Work request: Write the data out in full and word for word. Do not include images.

Source data:
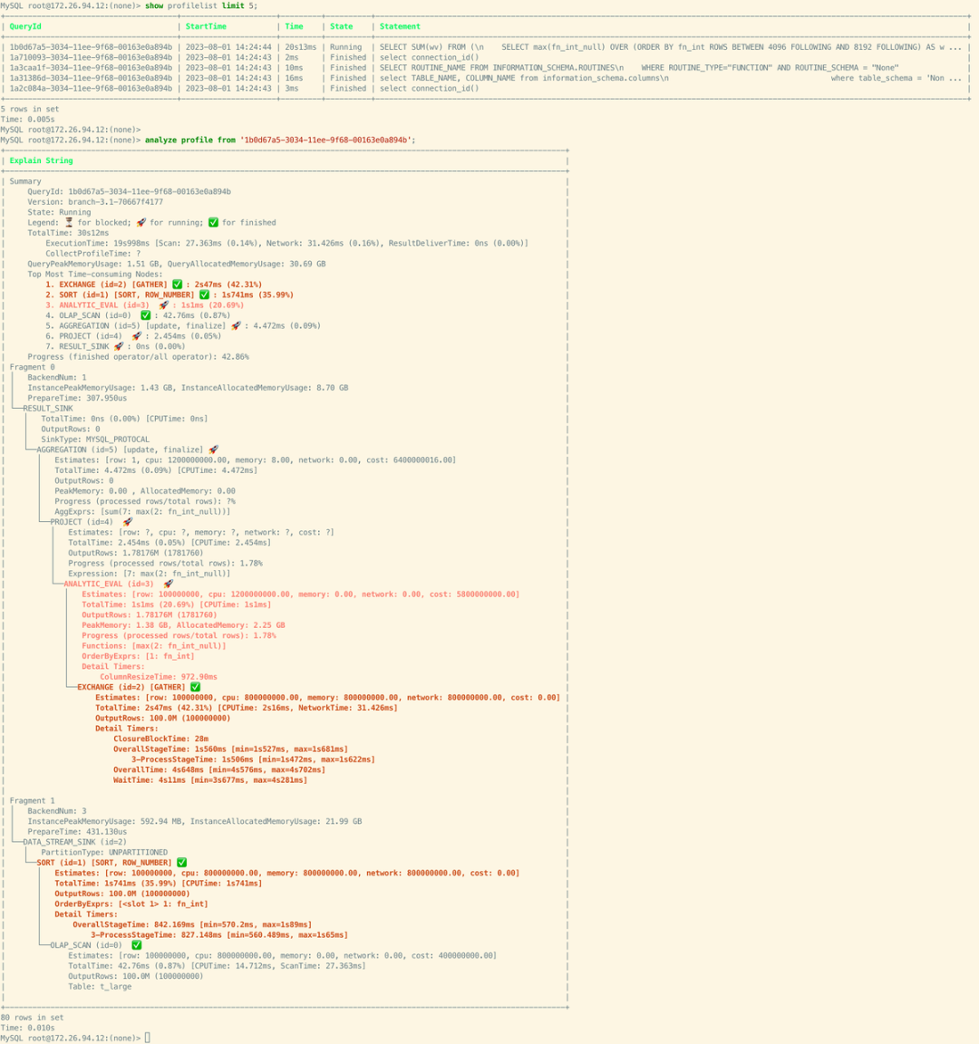 新增 Runtime Profile[12],以及基于文本的 Profile 分析指令[13](SHOW PROFILELIST, ANALYZE PROFILE, EXPLAIN ANALYZE),用户可以通过 MySQL 客户端进行 Profile 分析,能够直接知道最耗时的操作是哪些、分别占比多少,还可以通过在参数中指定节点来进一步获取更细节的资源消耗信息,方便定位瓶颈点并发现性能优化机会。这些功能也已合入到 3.1 版本。
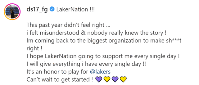 施罗德晒出多张自己效力湖人时的照片,包括他和詹姆斯进行交流,浓眉在场上拉起自己的画面,配文写道:“湖人国度!!!过去一年,感觉不太对……我觉得自己被误解了,没有人真正了解这个故事!我要回到最大的球会,让一切重回正轨!我希望湖人国度能每天都支持我!我每天都会拼尽全力!能为湖人效力是一种荣幸,迫不及待想要开始了!”
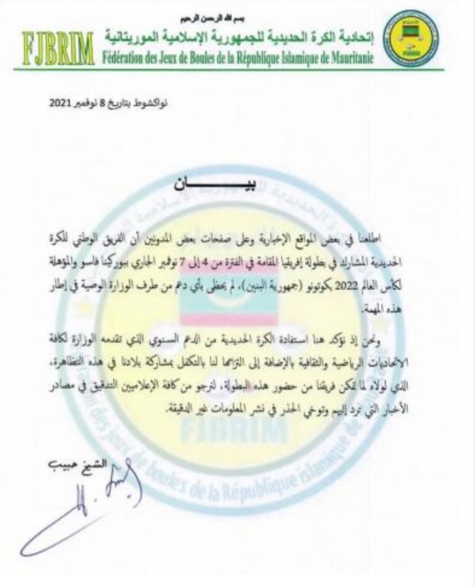 وأضافت الاتحادية في بيان توصلت وكالة "موريتانيا اليوم" بنسخة منه أن ماتم تداوله من عدم تلقي الفريق الوطني المشارك في بطولة إفريقيا للكرة الحديدية خبر كاذب

Answer to this exercise:
 新增 Runtime Profile[12],以及基于文本的 Profile 分析指令[13](SHOW PROFILELIST, ANALYZE PROFILE, EXPLAIN ANALYZE),用户可以通过 MySQL 客户端进行 Profile 分析,能够直接知道最耗时的操作是哪些、分别占比多少,还可以通过在参数中指定节点来进一步获取更细节的资源消耗信息,方便定位瓶颈点并发现性能优化机会。这些功能也已合入到 3.1 版本。
 施罗德晒出多张自己效力湖人时的照片,包括他和詹姆斯进行交流,浓眉在场上拉起自己的画面,配文写道:“湖人国度!!!过去一年,感觉不太对……我觉得自己被误解了,没有人真正了解这个故事!我要回到最大的球会,让一切重回正轨!我希望湖人国度能每天都支持我!我每天都会拼尽全力!能为湖人效力是一种荣幸,迫不及待想要开始了!”
 وأضافت الاتحادية في بيان توصلت وكالة "موريتانيا اليوم" بنسخة منه أن ماتم تداوله من عدم تلقي الفريق الوطني المشارك في بطولة إفريقيا للكرة الحديدية خبر كاذب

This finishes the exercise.